- _Your instructions_
The required output is every line from the one containing "Vintage Pocket Watch" through the last line of the listing below, copied exactly, pictures excluded.

- _The data_
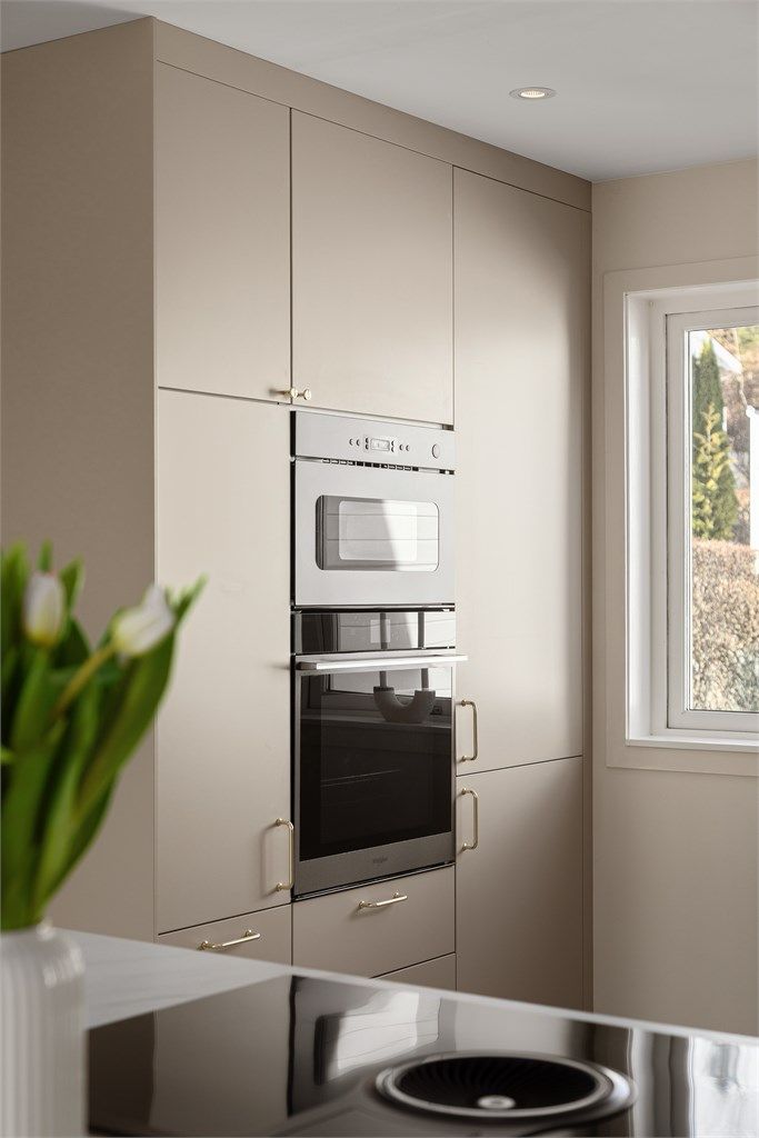 Lyst og moderne kjøkken fra 2023 med åpen løsning mot stue. Kjøkkenet er innredet med over- og underskap med slette fronter, benkeplate i kompositt fra HTH, benkebelysning og stikkontakter over kjøkkenbenk. Integrerte hvitevarer: stekeovn fra Whirlpool, platetopp fra Elica, oppvaskmaskin fra AEG, mikro og kjøleskap med fryser.
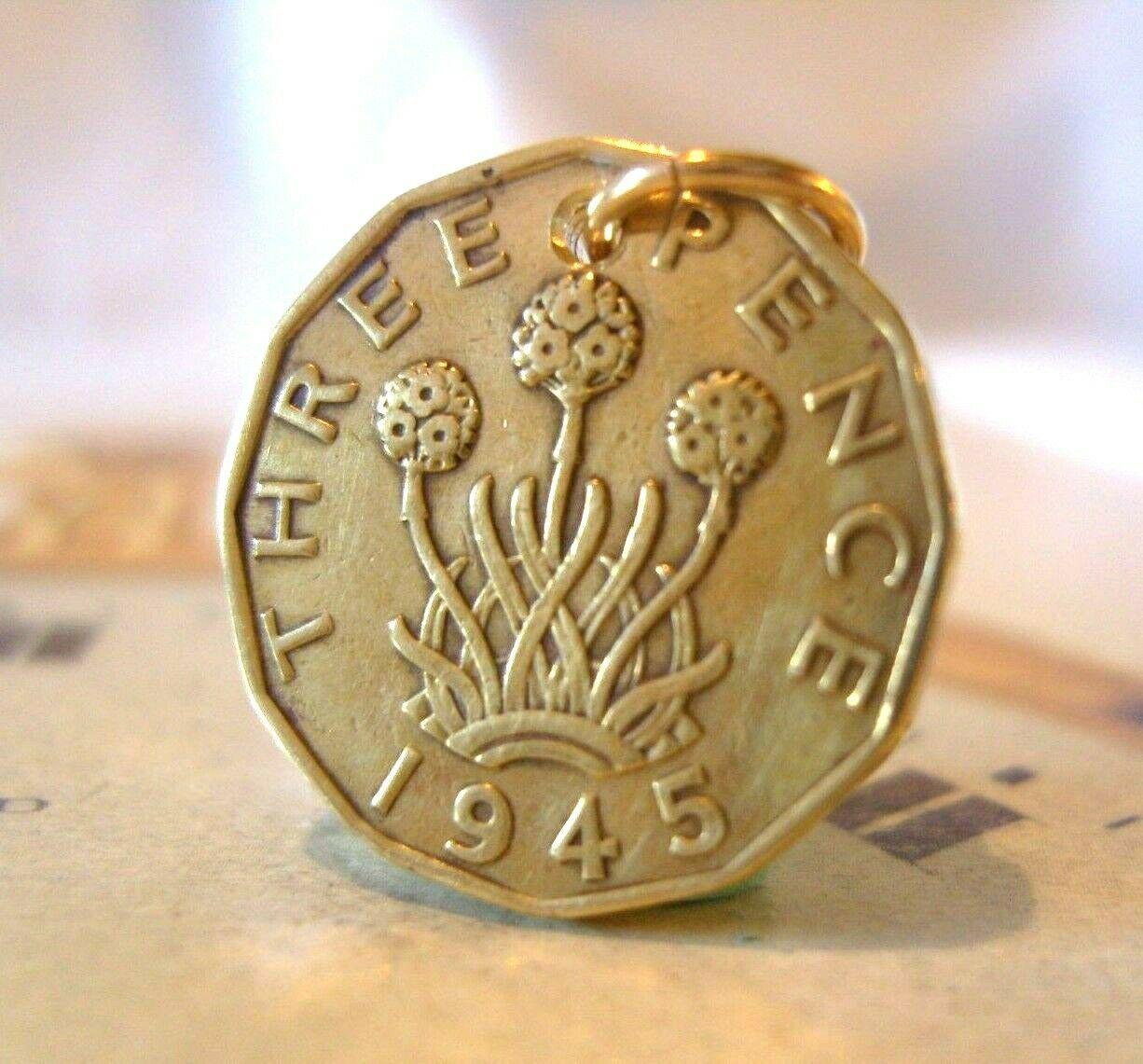 Vintage Pocket Watch Chain Fob 1945 WW2 King George V1 Threpenny Bit Coin Fob
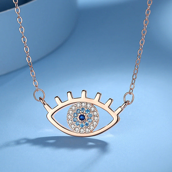 Sterling Silver Blue Sparkling CZ Evil Eye Pendant Necklace Eye Chain
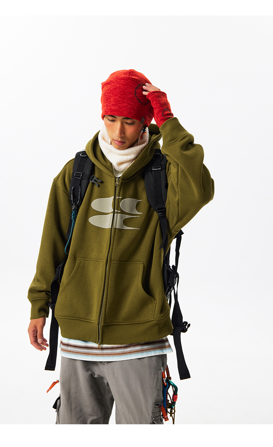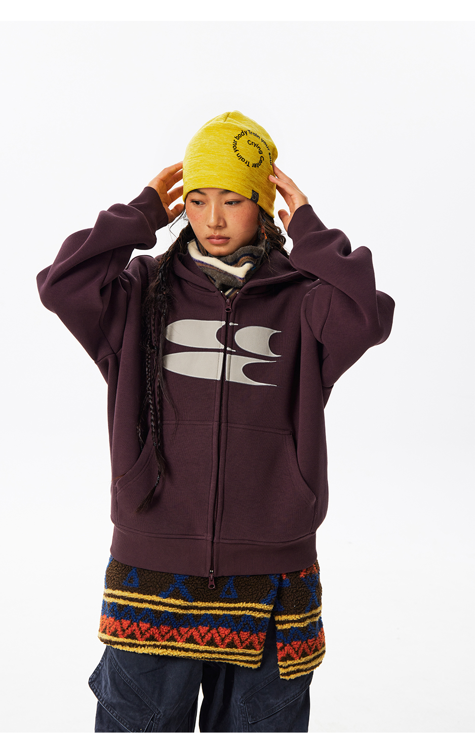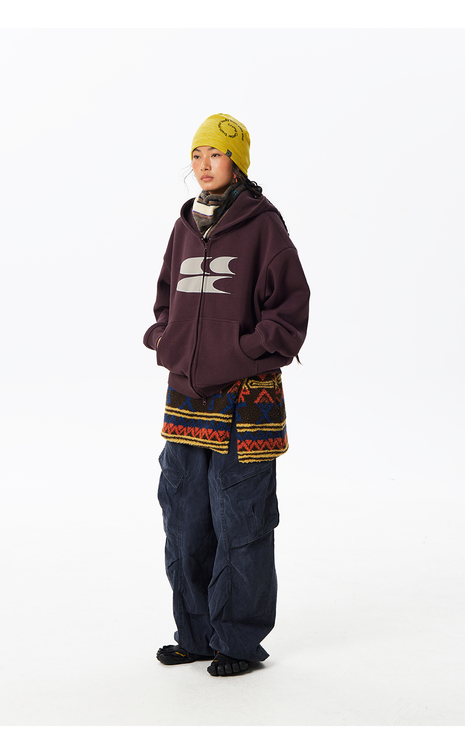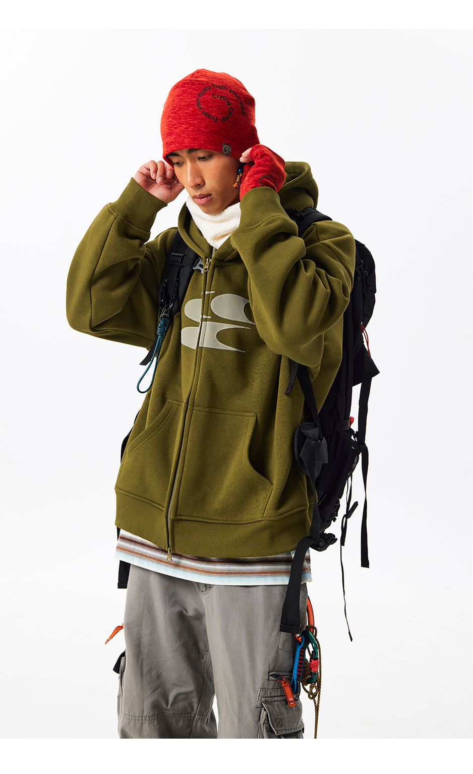 CryingCenter经典logo印花奥绒加绒连帽开衫卫衣外套男女款

- _Answer for this exercise_
 Vintage Pocket Watch Chain Fob 1945 WW2 King George V1 Threpenny Bit Coin Fob
 Sterling Silver Blue Sparkling CZ Evil Eye Pendant Necklace Eye Chain
 CryingCenter经典logo印花奥绒加绒连帽开衫卫衣外套男女款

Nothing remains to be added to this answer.